Multivalent interactions are vital in biological process. Heteromultivalency is very common in proteins and membranes that typically interact with heterotopic contact surfaces. For binding ligands with multiple different kinds of sites, heteromultivalency is necessary to achieve sufficient affinity and high specificity at the same time. Currently, a most suitable model of biological receptors are macrocyclic hosts, displaying complementary binding to certain guests. However, realizing artificial heteromultivalency by covalent methods is a formidable challenge because of intensive and time-consuming synthesis. Moreover, it is very difficult to precisely control the spatial arrangement of binding sites in diverse macrocycles to match the ligand sequence and/or dynamics at structurally complex biointerfaces.
The Ravoo group in Münster has focused on amphiphilic cyclodextrin (CD) for a long time, while the Guo group at Nankai University has explored amphiphilic calixarene (CA). In November 2014, Prof. Guo visited Prof. Ravoo in Münster. We had a very nice discussion, and envisaged that the “marriage” between CA and CD could be a powerful combination. CD and CA are two kinds of macrocyclic receptors with orthogonal binding sites. As a result, co-assembling CD and CA amphiphiles (“marriage”) would give rise to the self-assembled heteromultivalency. This was the beginning of our collaborative project. To make the collaboration run smoothly, in Jan. 2016, Prof. Guo sent Dr. Xu to Prof. Ravoo’s group as an exchange student for one year. By employing various tyrosine- and lysine-rich model peptides, Dr. Xu demonstrated the heteromultivalent recognition that we had anticipated. Moreover, the CD−CA dynamic co-assembly is self-adaptive, enable a self-optimization to obtain an optimal spatial arrangement of the binding sites.

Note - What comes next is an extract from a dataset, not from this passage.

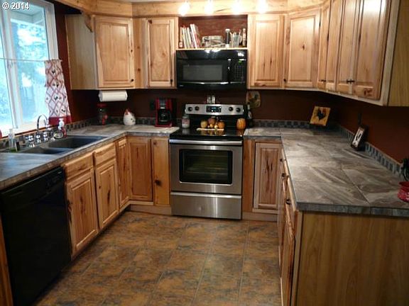 Nicely remodeled home on a quiet street. Hickory cabinets with tile countertops and backsplash in kitchen. Newer glass top range and dishwasher. Granite counters in bathroom. New water heater. Large living room and a family room with a woodstove insert. Slider in the family room to the deck and fenced back yard. Newer roof and paint. RV Parking.

The “marriage” is interesting, but so what? What special applications can be realized? Eventually, as a proof-of-concept application of the artificial heteromultivalency constructed, together with Prof. Yuan and Wang at Nankai University, we successfully used the CD−CA co-assembly to inhibit amyloid-β peptide fibrillation, dissolving fibrils and reducing amyloid cytotoxicity. The fibrillation of amyloid-β peptides is the hallmark of Alzheimer’s disease, so our work may inspire new strategies for the treatment of Alzheimer’s disease, although we are aware that at present it is not certain whether amyloid deposits are the cause or a consequence of Alzheimer´s disease.
All the details of our work can be read in our article: “Heteromultivalent Peptide Recognition by Co-Assembly of Cyclodextrin and Calixarene Amphiphiles Enables Inhibition of Amyloid Fibrillation” in Nature Chemistry.